Paul Wheatley of the BL talking about LIFE2, a refinement of the earlier LIFE project. The LIFE model is a map of the digital life cycle from the point of view of the preserving organisation. The LIFE V2.0 model is slightly reorganised and refined, for example including sub-elements. It also has a methodology for application. In addition, there is the beginning of a Generic Preservation Model (GPM), derived from some desk study. Many issues still remain with the revised GPM, but further work will be carried out with the associated experts group, in anticipation of a possible LIFE3 project. Paul commented on how expensive it was to obtain these costs. It’s clear that much still needs to be done before these costs can be used as predictors

Rory McLeod of the BL talking about a risk-based approach to preservation. The 8 Business Change Managers act through the risk assessment to identify the assets, the risks to those assets, and possible reactions to those risks (ie “save” those assets). 23 separate risks were identified, and were aggregated into 6 direct and 2 indirect groups of risks. Physical media deterioration was the major risk, together with technical obsolescence for hand-held media. These two groups were complemented by format obsolescence and 3 further software-related risk groups. The two indirect risks are related to policy. In risk assessment, they are using the AS/NZ 4360:2004 risk standard, plus the DCC/DPE DRAMBORA toolkit.

Richard Wright talking about storage and the “cost of risk”. In early days dropping a storage device meant losing a few kilobytes, now it could be GBytes and years of work. Storage costs declining and capacity increasing exponentially roughly related to Moore’s law (doubling every 18 months). Usage is going up, too, and risk is proportionate to usage, so risk is going up too. Risk proportional to no of devices and to size and to use… plus the more commonly discussed format obsolescence, IT infrastructure obsolescence etc. So if storage gets really cheap, it gets really risky! Control of loss gets most attention: reduce MTBF, make copies, use storage management layers, introduce virtual storage, using digital library technology, etc. Mitigation of loss gets much less attention. Simple files can be read despite errors; more complex compressed files can be extremely fragile. Files with independent units have good properties. Reports work from Manfred Thaller of Koln: one bad byte affects only that byte of a TIFF (does this depend on selected compression?), 2% of a JPEG, and 17% of a JPEG2000. Demonstrated 5 errors on a PNG and a BMP: former illegible, latter has a few dots scattered about. Text files the best: one byte corruption affects only that byte! Risk can always be reduced by adding money: more copies, more devices, more reliable devices, less data per data manager. However, you actually have a finite budget, so the trade-offs are important. Can’t emphasise how important this is: one of the most worrying preconceptions in digital preservation is that the bit preservation element is a solved problem.
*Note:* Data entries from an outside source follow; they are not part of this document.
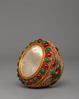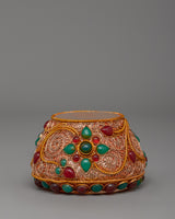 This gorgeous item has a copper body professionally gold-plated and embellished with turquoise and faux coral stones. The bowl is surrounded by elaborate patterns of detailed filigree work, representing Himalayan artists' exquisite craftsmanship. This ceremonial bowl is a beautiful piece of décor and a sacred object due to its vibrant colors and spiritual symbolism. Use it to decorate your shrine, for ceremonial purposes, or as a heartfelt present for Buddhists or other spiritual people.
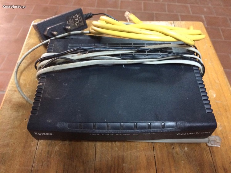 Vendo Router WiFi ZyXEL P-660W-Tx Series.Características (em inglês):ZyXEL P-660W Series is capable of supporting high-speed ADSL, ADSL2 andADSL2+ over existing copper lines. With speeds of up to 12 Mbps (ADSL2) or24 Mbps (ADSL2+), the P-660W Series offers higher data transfer rates andbetter bandwidth than traditional ADSL routers. Compliance with the802.11g wireless standard allows the P-660W Series to reach datatransmission speeds of up to 54 Mbps. This makes the P-660W Series yourfirst choice in expanding your network reach.ADSL Complia Ance- ANSI T1.41 A3 Issue 2- ITU G.992.1 G.dmt- ITU G.992.2 G.lite- ITU ADSL2 G.992.3, G.992.4- ITU ADSL2+ G.992.5- Reach-Exte Rended ADSL (RE ADSL)ATM Support A- 6 PVCs Support- ATM Forum UNI 3.1/4.0Firewall Security- Stateful Packet Inspect, Prevent DoS Attack- Access Control List (ACL) between LAN, WAN- Content Filtering- IP Packet Filtering & Generic Filtering- Real-time Attack Alert and logsRouting Support- IEEE 802.1d Transparent Bridging- IP Routing: TCP, UDP, ICMP, ARP- RIPv1 and RIPv2- IP Multicast IGMP v1/v2- IP Policy RoutingIP Management- SUA/Multi-NAT Internet Sharing- Multiple VPN (IPSec, PPTP) Pass-through- DHCP Server/Relay/Client- DNS Proxy- Dynamic DNS- UPnP SupportWLAN Features- 802.11g Compliance Speed Up to 54 Mbps- Comply with 802.11b- 64/128 Bits WEP Encryption- WPA (Wi-Fi Protected Access), WPA2- WPA-PSK, TKIP- External RADIUS Server Support- MAC FilteringPhysical Specifications- Dimensions: 181 (W) x 127 (D) x 36.5 (H) mm- Weight: 300 gEntrego em mão na zona de Armação de Pera
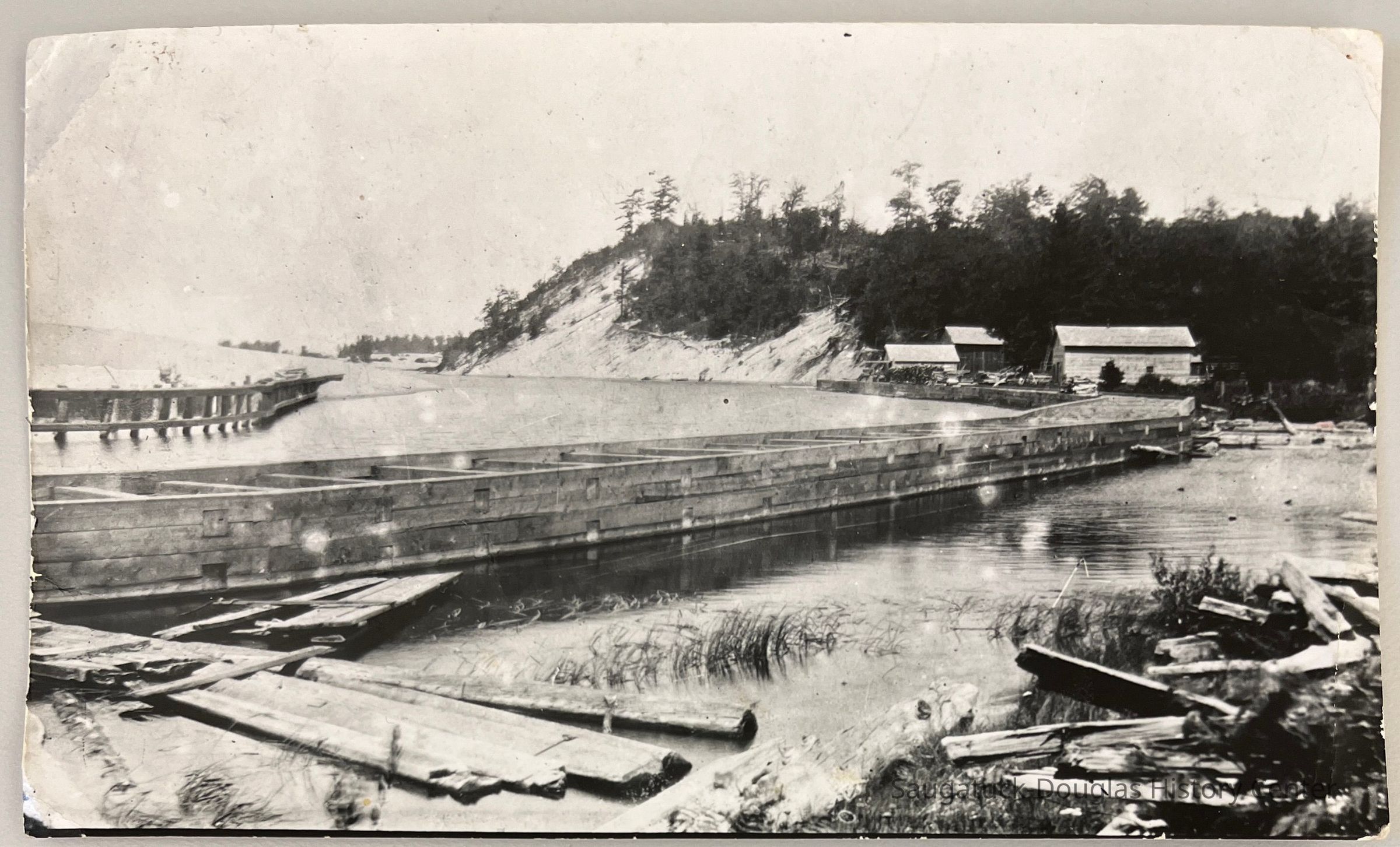 Photographs of the wooden sea walls along the final curve of the Kalamazoo River's old harbor, the rustic wooden buildings on the Shriver property and the crow's next dune.Photograph Details
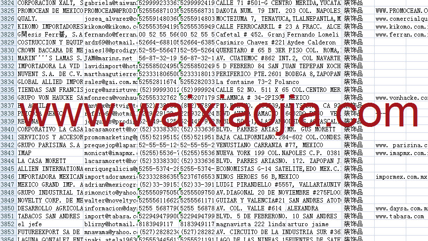 墨西哥采購商名單數據為Excel格式,信息可任意修改、復制、打印、導出及導入到傳真、郵件群發等軟件中,無任何限制。
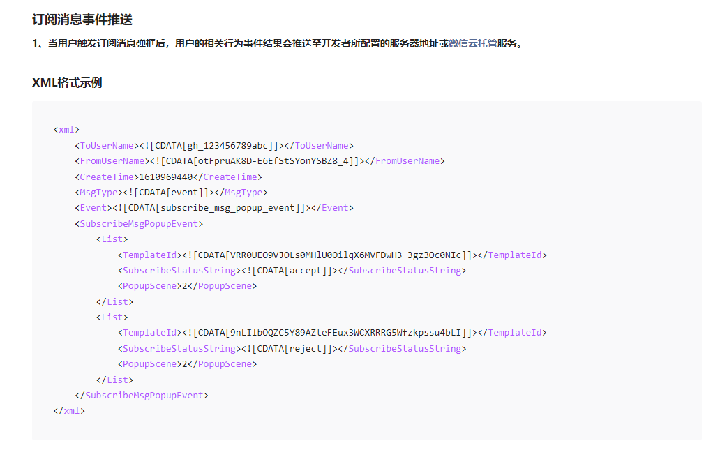 你好,请订阅消息接口回调或者事件推送进行排查:https://developers.weixin.qq.com/miniprogram/dev/api/open-api/subscribe-message/wx.requestSubscribeMessage.html
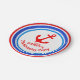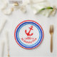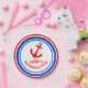 Bold anchor themed birthday personalised disposable paper plates, featuring your own name a red anchor graphic design. Personalise with your own birthday boys name and age. Currently reads Ahoy Danny's 7th Birthday Party. Ideal for a kids nautical birthday. Designed by Sarah Trett.
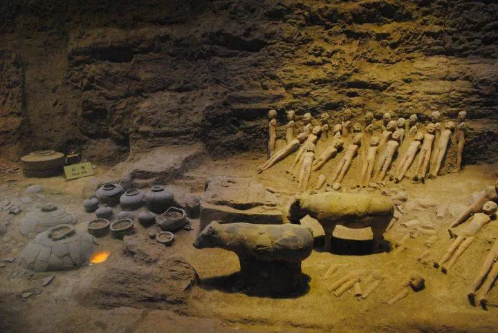 漢代諸侯王和官爵二十級(jí)的列侯墓,都有邊長(zhǎng)10米以上的豎穴,多重棺槨,或黃腸題湊,或石室墓、磚槨墓、崖洞墓。墓中隨葬品豐富,有車馬、銅漆禮器、日用器及大批陶器、玉石器、木器等,有的有玉衣。木槨墓主要流行于西漢,東漢時(shí)期諸侯王墓不再使用木槨墓。

It isn’t!

Bill Lefurgy of Library of Congress setting the scene for a report on the impact of international copyright laws on digital preservation. Adrienne Muir summarising the 4 country reports. All had preservation-related exceptions to copyright and related laws, however none of them are fully adequate to allow preservation managers to do what they need to do. All inadequate in different ways; UK maybe the strictest (as ever!). Differences in scope (which libraries), purpose and timing of copying, and material types within scope. Different legal and voluntary deposit arrangements; none comprehensive, they are out of date and don’t reflect the digital, online world. Orphan works (those whose copyright owners cannot be identified) a problem. Technical protection measures are a real preservation problem: current laws often prohibit reverse engineering or other circumvention. In the UK, contracts can trump copyright! Access to preserved content is an issue. Rights holders worry about the effects of the market of any legal changes, and aim to prevent such change. Recommendations include: there should be laws and policies to encourage digital preservation.

Questions: should we just ignore the copyright problems like Internet Archive and Google? We don’t have their resources in case there are serious problems, and there are serious potential impacts if we stamp all over these rights. Maybe for high value stuff, rights would be more vigorously pursued by rights holders, but they may also have motivation to preserve themselves. So maybe we should be looking for the stuff that’s most at risk of loss, some of which is low risk from the rights holders.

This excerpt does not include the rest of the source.